On the surface, Brazilians’ dining habits appear to be more or less the same as those of Americans. But The Hartman Group’s Melissa Abbott says there are in fact distinct differences.
Traditionally, the gap between different socioeconomic classes was so wide that few but the most affluent of Brazilians could afford to eat out with any frequency. Most would eat meals at home or grab a snack from street-food vendors.
“What we found was with a little bit more economic prosperity, they were able to afford eating out at restaurants, more akin to the way it’s happening here in the U.S. Originally what they had availability for was street food,” says Abbott, vice president of culinary insights at The Hartman Group. In 2012, she was among a team of ethnographers to travel to Brazil and study the country’s eating habits.
While most Brazilians may be less likely to dine out than their American counterparts, when they do, the occasion is rarely plagued with regret.
“They don’t tend to have as much guilt about snacking as we do here in the U.S.,” Abbott says. “They love sweets, and sugar is something they’re aware sugar of being not great for your health, but in a very, very different way. There’s a lot of pride around sugar because it’s a major crop.”

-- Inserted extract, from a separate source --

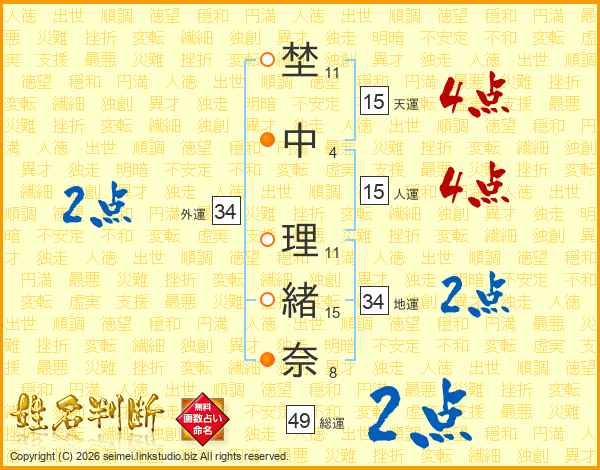 埜中理緒奈さんの総運は49画の2点!
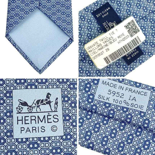 Hermes HERMES Tie Silk Twill Chaine d\'Ancre CRAVATE TWILL TIE 7 MAILLONS VAGUES H0059582T 29 CIEL/MARINE/BLUE MOYEN Blue Men\'s

She adds that for Brazilians, a person’s outward appearance is often the best way to determine whether someone should indulge in a sweet. In this respect, it’s a couple of decades behind the U.S., where many consumers make nutritious choices for their overall health rather than just physical results.
Abbott says Brazilians are also very keen to keep up with trends. As a new socioeconomic class emerges with a little bit more disposable income, consumers are eager to use it at certain fast-food chains like McDonald’s or Subway, which have a certain cache.
“The one really interesting thing about Brazilian consumers is that they are very into following trends, and they want to know the latest, greatest thing that’s going on,” Abbott says. “If you’re offering something that is not at least a little bit exciting or a little bit on the edge, they would probably be a little suspicious and not think it was that cool.”
The importance of sharing food also extends to snack times. Abbott says it’s not uncommon in the afternoon to see a number of people sitting together in the street with a snack and a drink.
Over the last decade, The Hartman Group has found that more U.S. consumers eat on the go or alone. But the sense that mealtimes are something special still endures in Brazil.
So while the U.S. might be ahead of Brazil in terms of its nutritional awareness, by Abbott’s estimation, American consumers and restaurants could stand to adopt a more Brazilian attitude toward food. After all, when people dine together, they naturally have a better gauge for portion sizes.
“It’s a very inclusive, social culture,” Abbott says. “It helps with health and wellness in a very large way when there’s that aspect of commensality present, which we’re getting farther and farther away from in the U.S.”